When I do return home, it's as though I've never left. I'm not talking about my parents, of course, but the long-time residents there. When I visit with there I'm still consider a resident. Kinda cool.


----------



## PresbyDane (Jan 21, 2009)

Sorry can not watch it, it seems to have been taken of you tube


----------



## Ivan (Jan 21, 2009)

Martin Marsh said:


> Sorry can not watch it, it seems to have been taken of you tube



I couldn't get the one posted either, but if you choose one of the other choices that pop up you can listen to the song that way.


----------



## LawrenceU (Jan 21, 2009)

Try this:CMT : Videos : Alan Jackson : Little Man


----------



## Hippo (Jan 21, 2009)

I like Jackson's "Monday Morning Church", that song really resonates with me (although for all sorts of reasons it probably should not).


----------



## Blueridge Believer (Jan 21, 2009)

He could have been singing it about my home town. Back in the 60's and 70's there was all kind of stuff downtown and lot's of work. I went to a county high school that had about 2500 students that now has a little less than 1000. The town is like a ghost town. Really sad.


----------



## Ivan (Jan 21, 2009)

James,

I was in a very remote area. The town we lived near had 400 people. Our grade school,K-6, had under a 100 students. The nearest grocery store was 12 miles away.
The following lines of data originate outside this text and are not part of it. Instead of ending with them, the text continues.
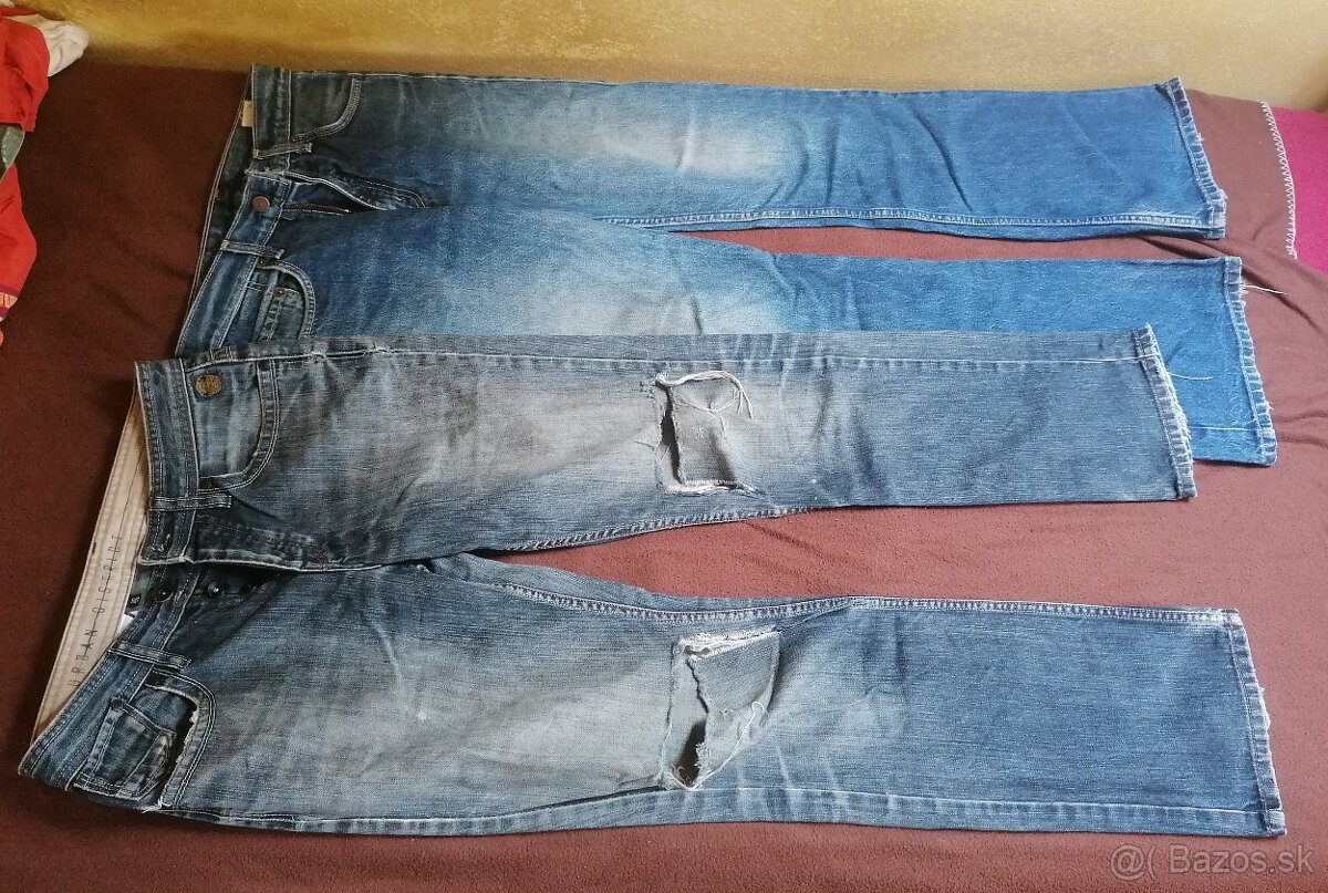 Predám pánske rifle, 2ks. Vrchným neviem nájsť označenie veľkosti ale sú vhodné pre výšku cca 180cm. Spodné sú z C&A, veľkosť 30/32. Nakoľko sú veľkosťou takmer identické uprednostnil by som predaj spolu, v prípade záujmu sa dá aj po kuse. Cena spolu 5€, po kuse vrchné 4€, spodné 2€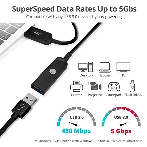 • Active USB 3.0 cable supports data transfer speeds up to 5 Gbps
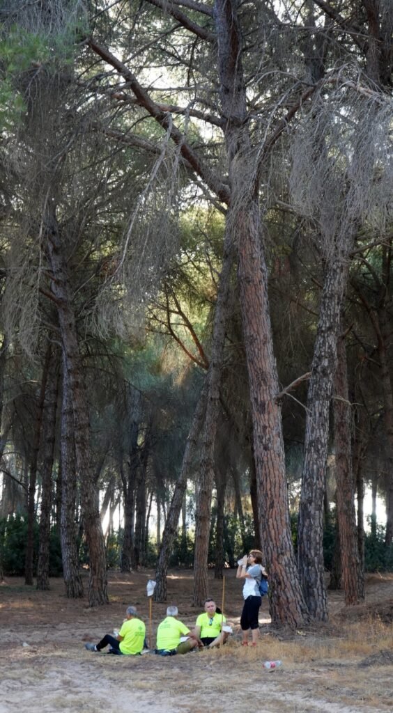 Una vez allí, las fotografías de rigor y un rato de ocio para visitar y ver el pinar, tomó la palabra Miguel Anaya de la empresa La Strada di Miguel, que nos facilito mapas de la zona y nos hizo un breve resumen sobre la importancia de este pinar para Utrera, dado que es un pulmón natural que nos abastece de oxigeno limpio y saludable a la población de nuestra localidad. Los asistentes realizaron distintas preguntas a las que fueron respondidas. También indico la importancia de este enclave para las aves migratorias que tienen un lugar de descanso en su ida o venida hacia África, especialmente para los milanos reales que son los mas habituales, que no se tienen mas datos de otras especies, porque no hay un estudio especifico de paso de aves ni de cuidados del hábitat.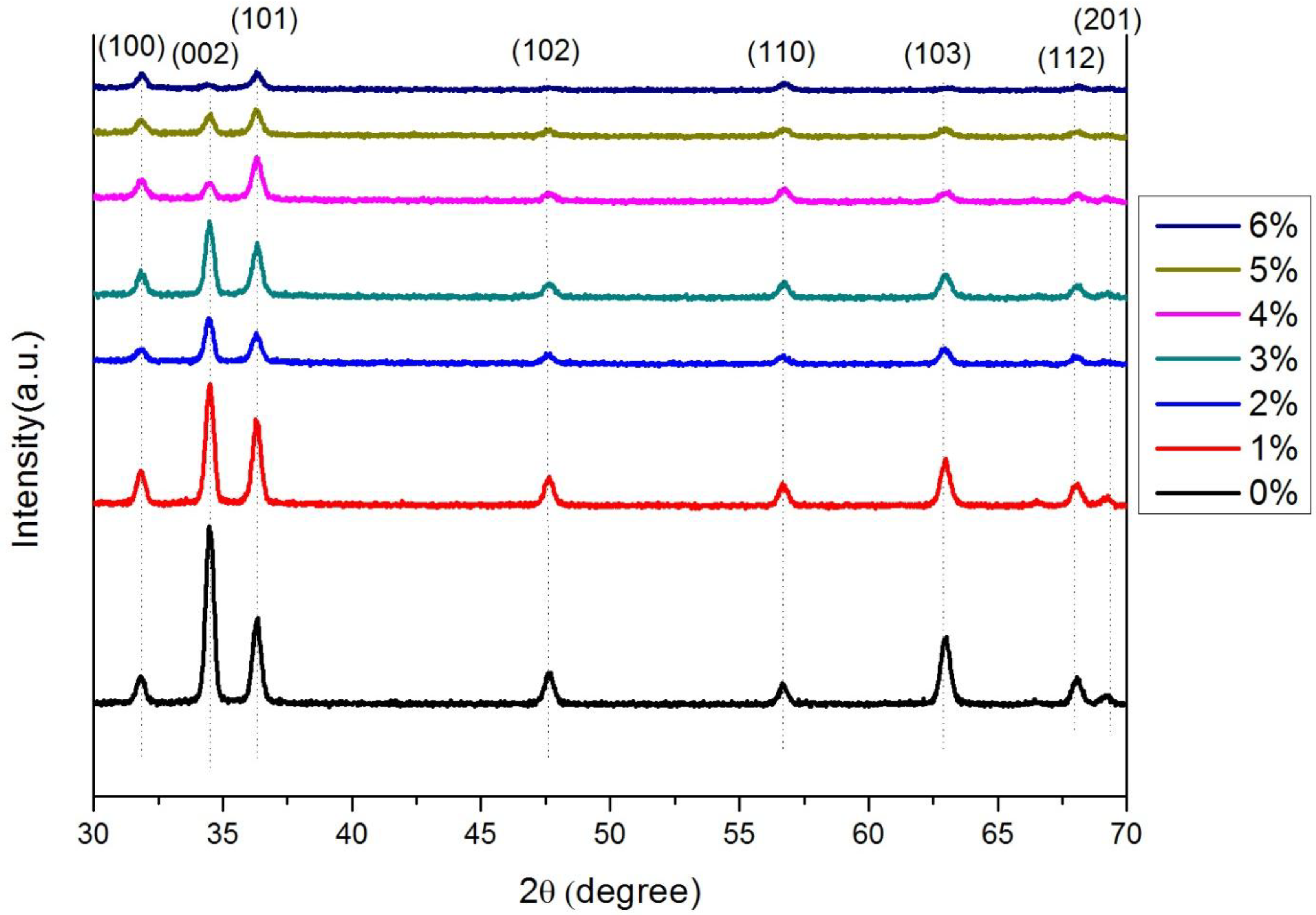 XRD patterns of CuxZn1−xO (x = 0–0.06).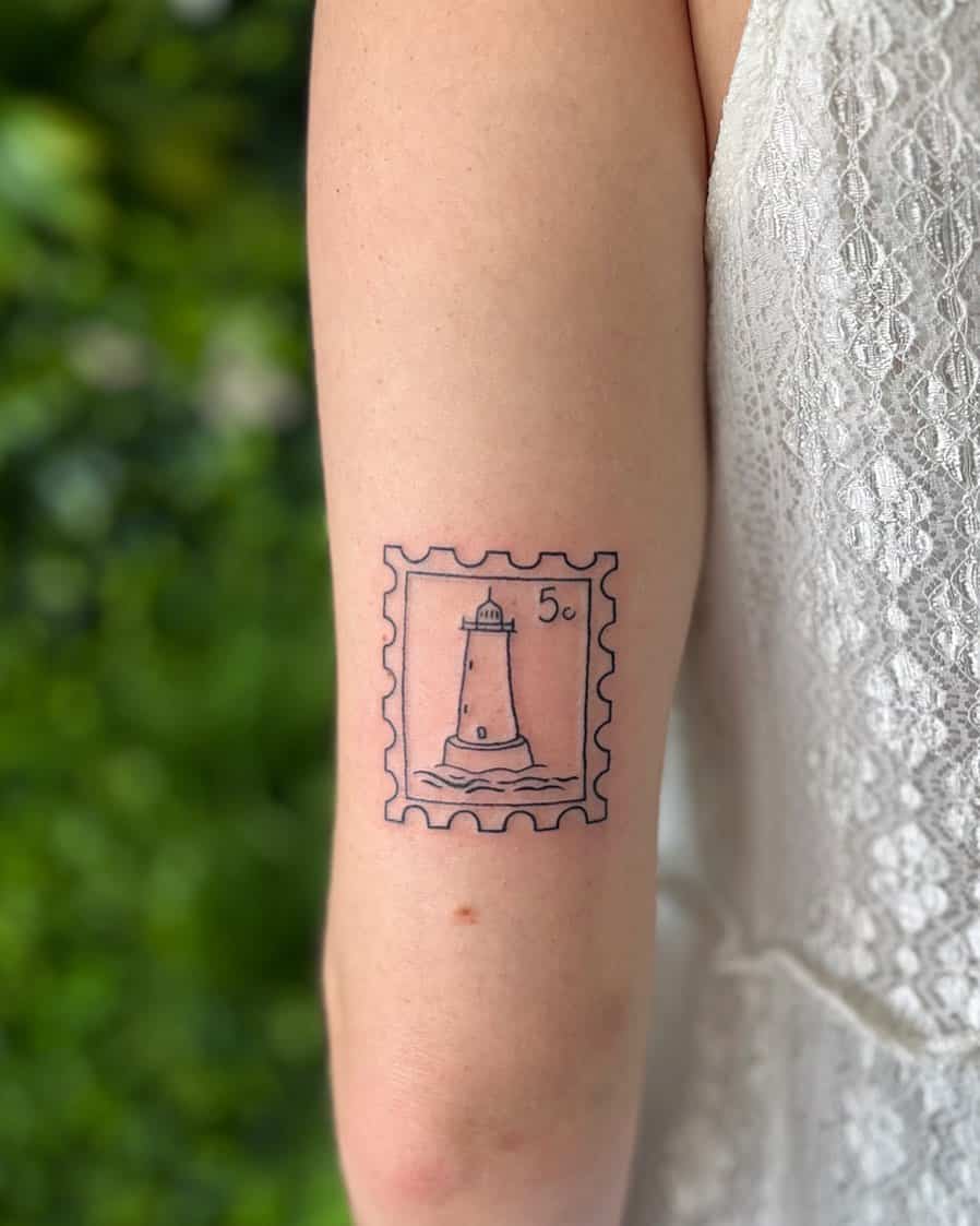 Okay, how unique is this? The tattoo showcases a lighthouse illustrated inside a stamp-like border, which creates such a cool visual effect.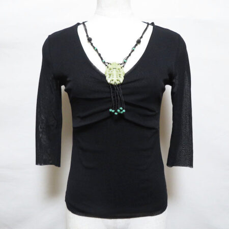 人気ブランドのヴィヴィアンタム。カットソーを出張買取ご利用のお客様より買取しました。シンプルな黒のカットソーにネックレス風モチーフががちっとハマっています。程よい煌びやかさがいいですね。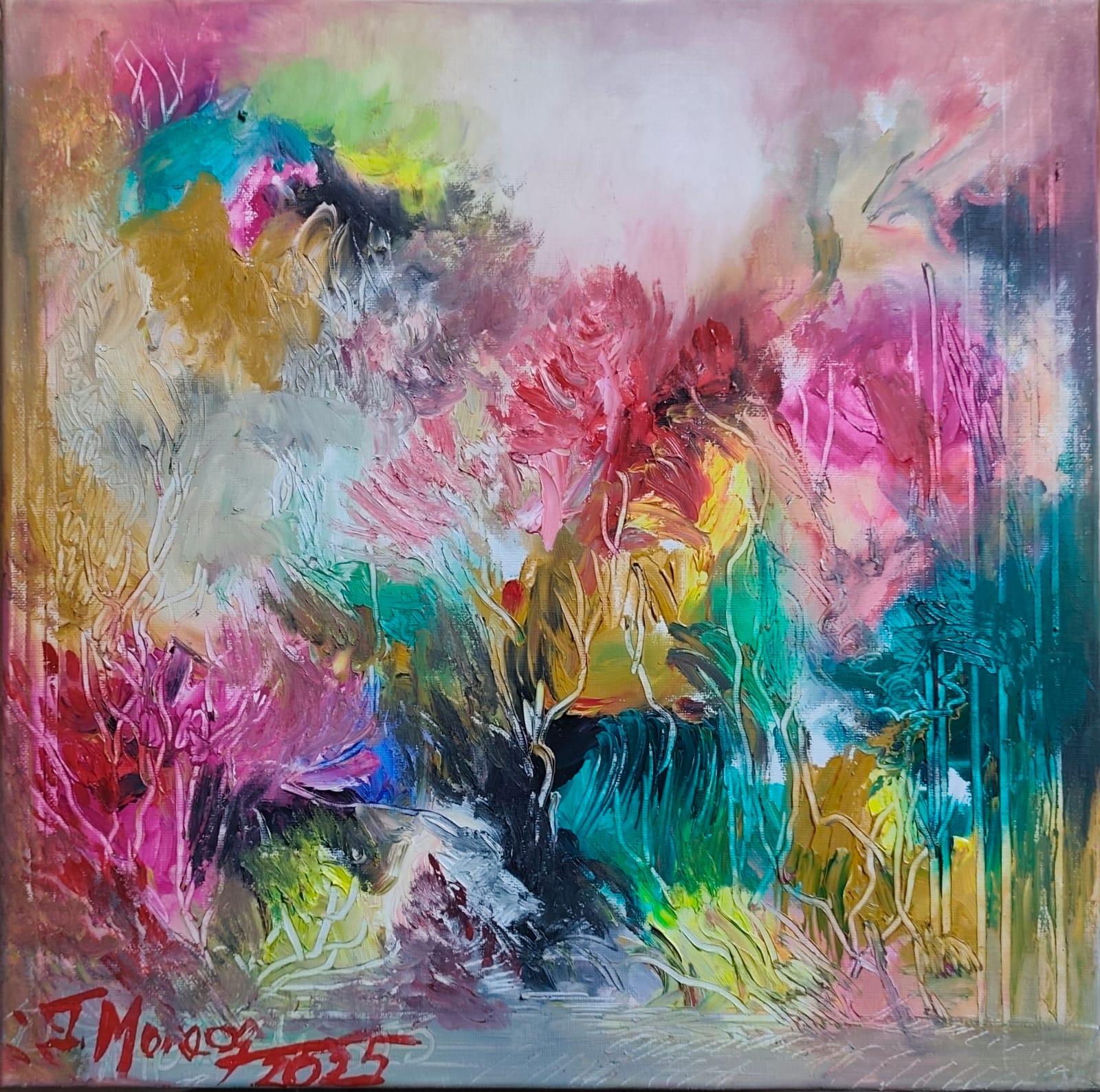 Pictura evocă ideea unei grădini interioare, un spațiu imaginar unde emoțiile și gândurile se manifestă sub forma culorilor. Texturile bogate și gesturile ample ale pensulei creează profunzime și mișcare, dând senzația că privitorul pășește într-o lume vie, aflată între lumină și umbră, între haos și armonie.

Things are still the same today.


----------



## nicnap (Jan 21, 2009)

I am a small town guy...grew up working turkey, chicken, cattle, and even feed corn farms. Grew up baling hay...shooting...fishing...all of that, and if I could I'd be there again. Give me a couple thousand...even a couple hundred acres, a tractor, and let me be. I'd be one happy man. (P.s. I grew up in the 80's and 90's.)


----------